Although, there is no easy way to measure expectancy theory as each person has a differing reward system in mind, based on the majority of data people respond best to a reward system that matches closely to their personal goals. The three relationships that make up expectancy theory are: 1. Effort – Performance Relationship States that if a person puts out a certain amount of effort they will achieve a certain performance. 2. Performance – Reward Relationship This is based on a person’s belief that their performance will achieve a certain reward. . Rewards – Personal Goals Relationship This is how a companies offered rewards will satisfy a person’s personal goals with examples being promotions or pay raises. The primary factor determining ones production and desire to succeed is based on how closely a companies offered rewards for an employee’s performance will align with their personal goals. In other words if an employee plans to work 20 extra hours a week doing a certain task and they expect to earn a $10,000. 00 per year raise from that work yet the company instead offers only $5,0000. 0 per year that employees personal goals are not being met and the expectancy theory will show that employees production will most likely drop. In the illustration given the company would best model the expectancy theory of motivation by offering a larger reward for the highest producers. If the company can make a larger financial reward available to those meetings their goals then it would make their extra effort seem more meaningful to them and their personal goals would be met by the reward given. The other downfall o the rewards offered is the employees realization that simply working a little overtime is a bigger reward to them than increasing production. So to make that gap larger would also have the same effect on the employees and their production. Lastly, if those employees meeting goals are not earning a reward of value and they can see that those employees not making goals are not being punished then the reward is not enough for them to raise their own performance. If the company in our scenario would like to implement the expectancy theory in the plant and see production improve they could install a clear plan for all employees.

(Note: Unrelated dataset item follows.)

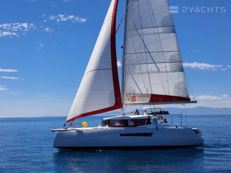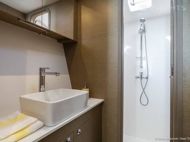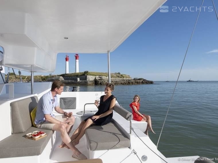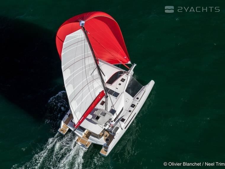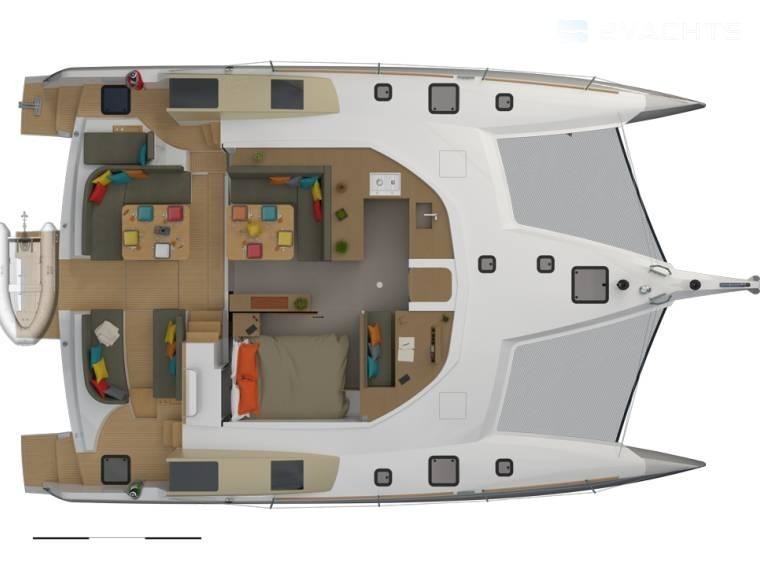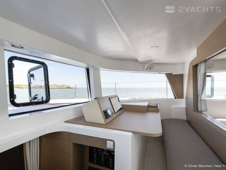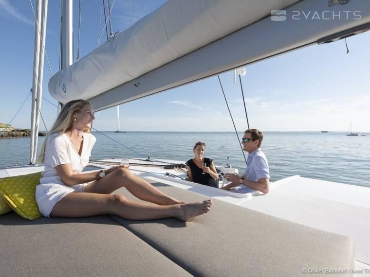 Cockpit ? Vaste cockpit Full Beam de plein pied avec le COKLOON d?une part et d?un salon de pont d?autre part ? Ensemble abrite par un toit rigide ? Sellerie cockpit ? Fond de cockpit en gel coat avec antiderapant pointe de diamant Jupes flotteurs ? Plateforme de bains pour chaque jupe flotteur servant de quai d?embarquement pour annexe et d?acces lateral au catway ? Main courante Jupe coque centrale ? 2 marches d?acces a la mer ? Echelle de bain supplementaire avec douchette eau chaude/eau froide en option ? Bers de reception de l?annexe ? Emplacement pour le radeau de survie Poste de barre ? Acces par passavant tribord et depuis le cockpit ? Large banquette polyester ergonomique pour 2/3 personnes ? Barre a roue diametre 800 mm ? Console a instruments recevant compas, commande moteur, aide a la navigation (option) et commande du propulseur d?etrave (en option ou inclus dans la version Premium) Poste de man?uvres ergonomique ? Retour de l?ensemble des manoeuvres devant le poste de barre ? Rangement des drisses et ecoute dans des sacs a bouts dedies 8 chandeliers hauteur 600mm 2 rangees de filieres en Dynema phosphorescent

The plan would set a work done versus pay raise scale, clearly written. It would have to be a raise high enough that would offset the difference in overtime paid, or eliminate the overtime pay for employees not reaching goal. An example could be that any employee reaching production goal for a pay period receives x number of dollars. If the employee does not reach production goal then they are not entitled to working overtime. This would give them a set goal and state clearly what they could expect in return for their improved production.